Approximately 25km north of Nazca on the side of the Pan American Highway stands a metal viewing tower. For a small cost, tourists can climb the 18m El Mirador and view the outline of two hands and a many-branched tree. Several tour companies fly over the lines leaving from Maria Reiche Airport in Nazca. Planes are normally six or eight-seater Cessna which can leave passengers feeling a little queasy on the thirty-minute flight, however, no matter what side of the plane you sit on, you will see the many lines and geometrical shapes spread across the brown desert. The scale is staggering, one triangle is measured at 3km long.
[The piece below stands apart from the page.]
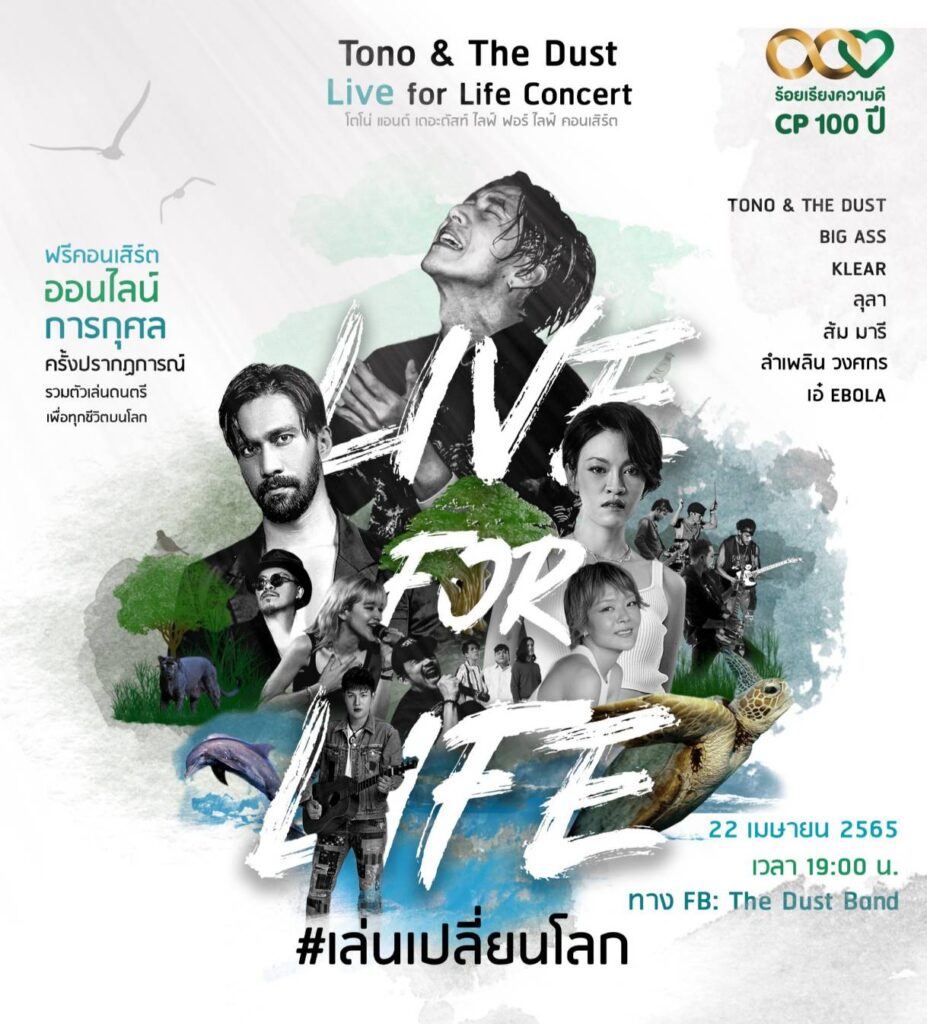 ฟิตเต็มร้อย นักร้องขาร็อค “โตโน่-ภาคิน คำวิลัยศักดิ์” พร้อมส่งความมันส์ บนเส้นทางสายดนตรีของ“โตโน่” และเพื่อนร่วมวง Tono & The Dust ผ่านการแสดงดนตรีอย่างโชกโชนแต่พวกเขายังไม่เคยมีคอนเสิร์ตเป็นของตัวเองเลยสักครั้ง!!! ครั้งนี้จึงถือเป็นคอนเสิร์ตเต็มรูปแบบครั้งแรกกับ “Tono and The Dust Live For Life #เล่นเปลี่ยนโลก” ฟรีคอนเสิร์ตเพื่อสิ่งแวดล้อม จัดโดย โครงการเก็บรักษ์ ร่วมกับ เครือเจริญโภคภัณฑ์ (ซีพี) ภายใต้โครงการร้อยเรียงความดี CP100ปี และ ศิลปิน Tono & The Dust เพื่ออนุรักษ์ฟื้นฟูทรัพยากรทางทะเลไทย ที่ไม่ใช่เพียงแค่การร้องเพลง เล่นดนตรี แต่ยังผสมผสานความเป็นโชว์ผ่านการเล่าเรื่องราวและความรู้สึกลงในบทเพลงที่สะท้อนให้เห็นถึงปัญหาของสังคมและสิ่งแวดล้อม พร้อมศิลปินรับเชิญเพื่อนพี่น้องในวงการที่มาร่วมกันอย่างคับคั่ง อาทิ เจ๋ง Big Ass , แพท Klear , เอ๋ Ebola , ลำเพลิน วงศกร , ส้ม มารี , ลุลา

Pilots circle a number of shapes etched in the stone surface such as a whale measuring 65m in length, a 93m-long hummingbird, a 135m condor, a monkey, a spider, and the astronaut.

It’s difficult to take photos due to the continual movement, so it’s best just to enjoy the sight of these precisely drawn figures. You’ll be left perplexed, still asking the questions that no one has been able to answer. Why? How?